The twelfth year reminder from the IPO that the renewal fee had not been paid on time was duly sent to the UK attorney, but they took no action on it believing the case to have been abandoned in the previous year. The matter subsequently came to light when the new proprietors GlycoBioSciences Inc (the applicant for restoration) acquired the patent portfolio of LAM Pharmaceutical Corp.

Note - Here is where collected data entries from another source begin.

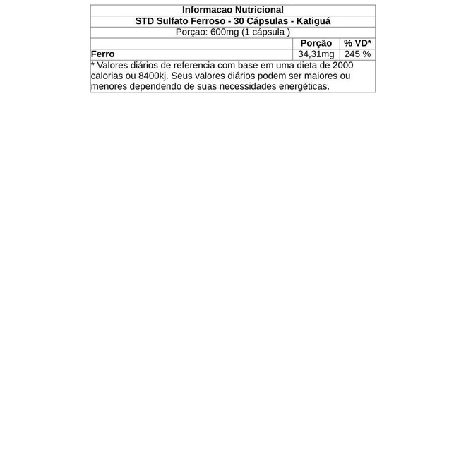Sulfato Ferroso - 30 Cápsulas - Katiguá - Foto 1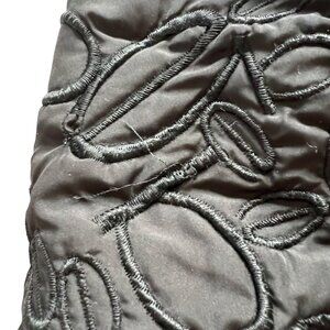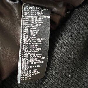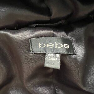 y2k Bebe jacket, black with embroidered bebe logo all over, down feather fill, rabbit fur trim on the hood, knit cuffs, short length, zip up with B zipper pull, women's fitted large, seems to fit small, please check measurements, pit to pit: 20.5", length: 21", sleeve: 25", preowned and has snags in the embroidery, pilling on the knit, spots on the sleeve - see photos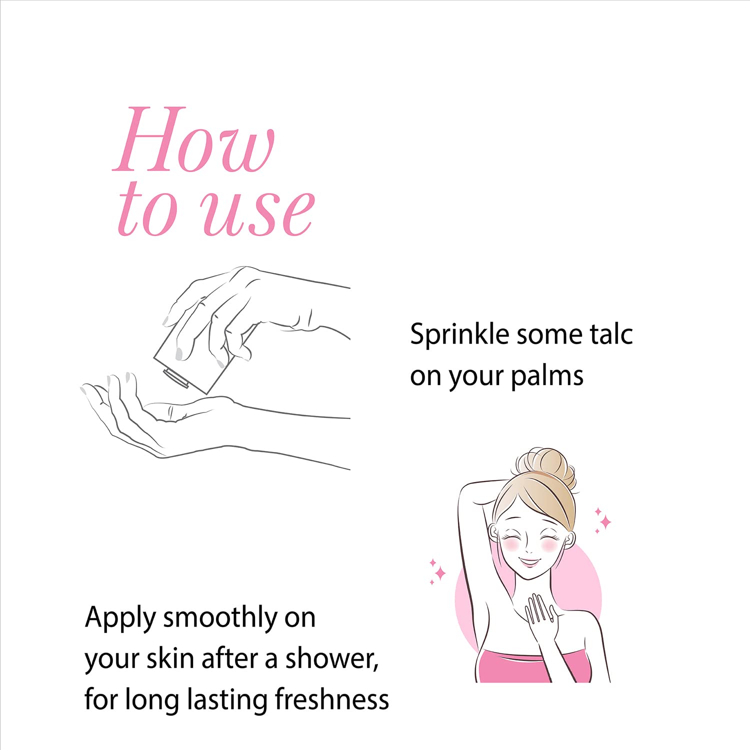 - Silky Softness: This talcum powder leaves your skin velvety soft, caring for it with natural ingredients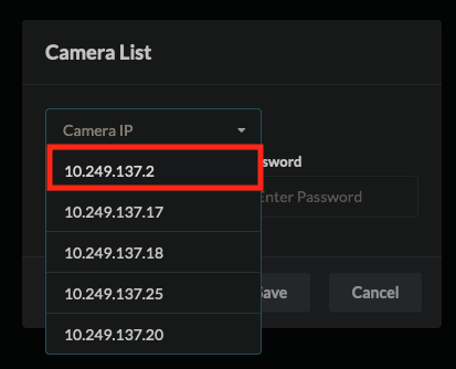 - Find the IP of the camera you would like to pair to the LPU.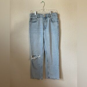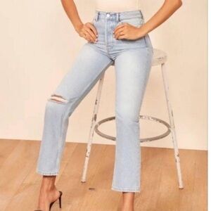 Reformation Cynthia high rise straight leg jeans in Tahoe destroyed wash. Excellent pre-owned condition with no noticeable flaws!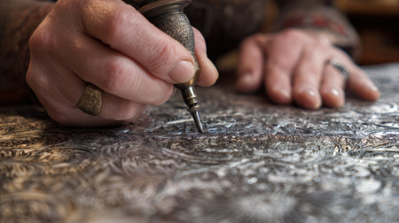 Close up of artisan hands using a chisel to create detailed engravings on a metal plate, showing the precision and artistry of metalworking

The applicant accepts that the application for restoration was filed outside the period allowed, which is not normally extendable. However, it argues that this can be remedied under r.107 because of errors in procedure on the part of the Comptroller. Inter alia they argued that the IPO had no legal authority to accept the renewal fee from Mr Kales without a Form 12/77 or to complete the Form 12/77 on his behalf and that doing so deprived Mr Kales the option of changing the address to which the next (the twelfth) year’s reminder should be sent. Consequently the twelfth year reminder was sent to the UK attorney, who believing from their records that the patent had been abandoned the previous year, took no action to pay the year twelve renewal fee.
The HO found that the IPO did have the authority to accept information required by the Form 12/77 in another format (under r. 4) but that the IPO had indeed erred by not gaining all the information required by the Form 12/77, specifically that in Box 6 relating to the next year’s renewal reminder. As such he accepted the application for restoration under s.28(1). However, he remitted the case back to the IPO to seek further evidence to address the requirements of section 28(3).